● **PROBLEM DETAILS**
Leave every picture out, and write out the remaining entries exactly.

● **DATA RECORDS**
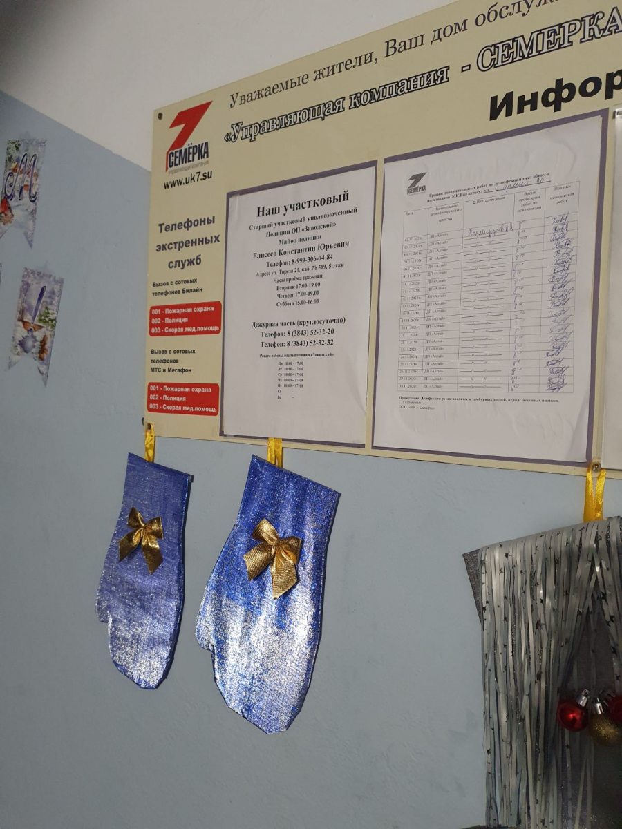 Управляющая компания – СЕМЕРКА так же не осталась в стороне и сделала нам необходимые условия для подключения новогоднего освещения входной зоны, потому что именно новогодняя иллюминация будет смотреться особенно красиво и радовать жильцов нашего дома и жителей соседних домов.
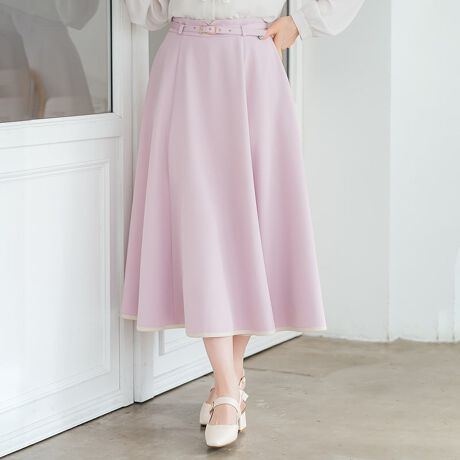 裾にさりげなく効かせた配色デザインが、動くたびに表情を添えるフレアスカート。
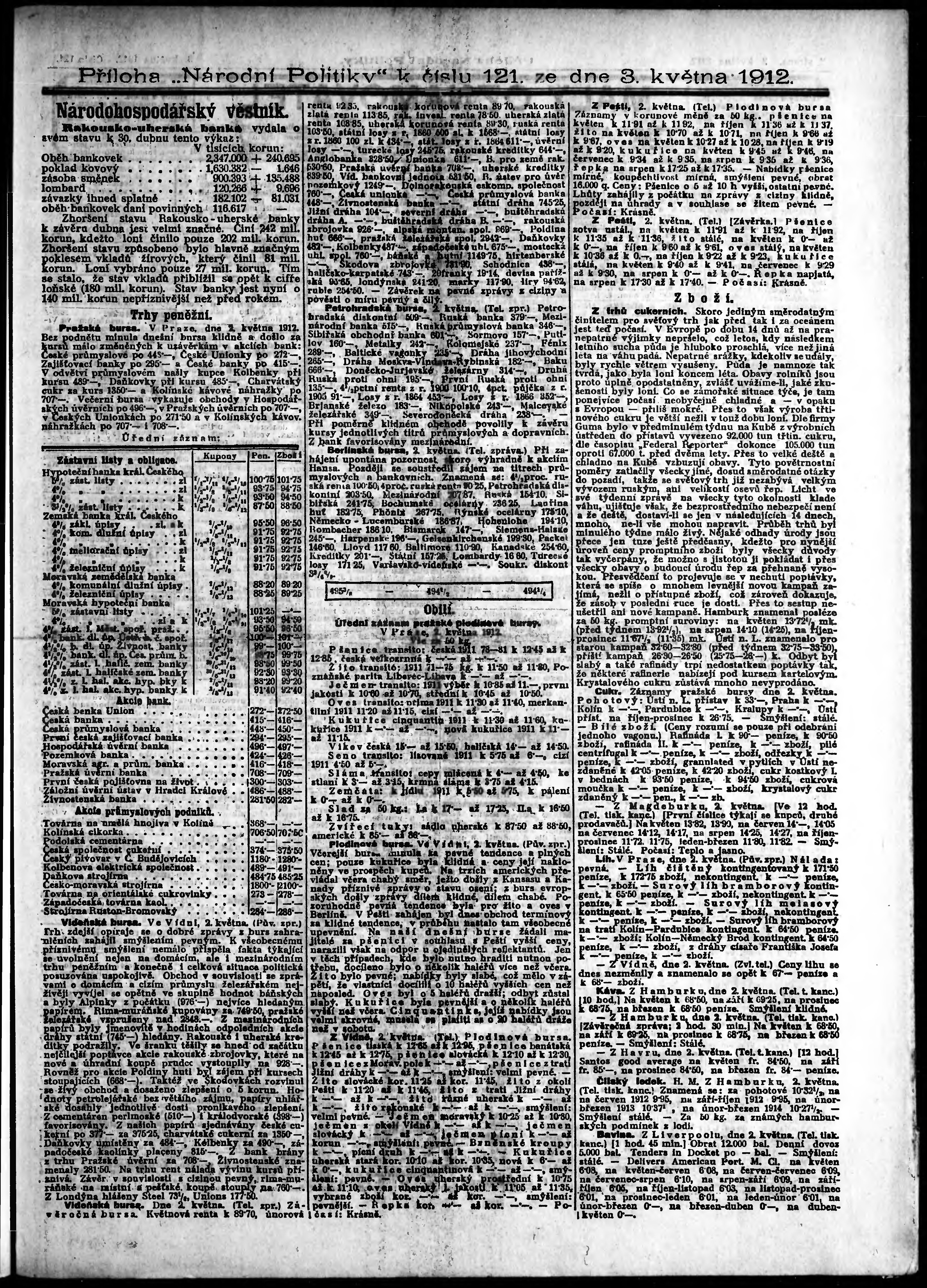 * Datum vydání výtisku: 3.5.1912 Číslo výtisku: 121 Typ výtisku: příloha Poznámky k výtisku: s. 5 - 6 není k dispozici;
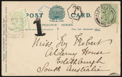 Design Completed, perf. 11 x12 (BW.D15) on an incoming postcard franked ?d, Alderney, Channel Islands - Sth. Aust. with octagonal 'T' and '1' h/stamps. The postage due tied by an Edithburgh, square circle. -
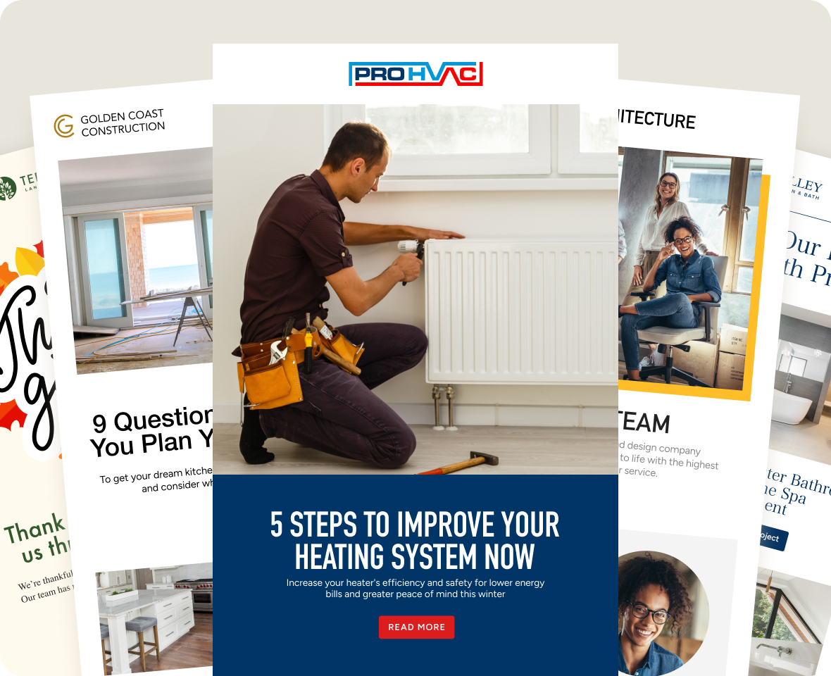 You’ve earned stellar client reviews, but how can you increase your chances of earning repeat business? The answer: email marketing. Upholding your reputation as the best HVAC contractor in town is easy when you can send curated newsletters, project photos, testimonials and more directly to your clients’ inboxes. With Houzz Pro’s HVAC business software, you’re not expected to be a developer or email marketing expert. Drag and drop tools and email templates make sending email newsletters more fun than you could ever imagine.

● **OUTPUT FOR THIS EXERCISE**
 Управляющая компания – СЕМЕРКА так же не осталась в стороне и сделала нам необходимые условия для подключения новогоднего освещения входной зоны, потому что именно новогодняя иллюминация будет смотреться особенно красиво и радовать жильцов нашего дома и жителей соседних домов.
 裾にさりげなく効かせた配色デザインが、動くたびに表情を添えるフレアスカート。
 * Datum vydání výtisku: 3.5.1912 Číslo výtisku: 121 Typ výtisku: příloha Poznámky k výtisku: s. 5 - 6 není k dispozici;
 Design Completed, perf. 11 x12 (BW.D15) on an incoming postcard franked ?d, Alderney, Channel Islands - Sth. Aust. with octagonal 'T' and '1' h/stamps. The postage due tied by an Edithburgh, square circle. -
 You’ve earned stellar client reviews, but how can you increase your chances of earning repeat business? The answer: email marketing. Upholding your reputation as the best HVAC contractor in town is easy when you can send curated newsletters, project photos, testimonials and more directly to your clients’ inboxes. With Houzz Pro’s HVAC business software, you’re not expected to be a developer or email marketing expert. Drag and drop tools and email templates make sending email newsletters more fun than you could ever imagine.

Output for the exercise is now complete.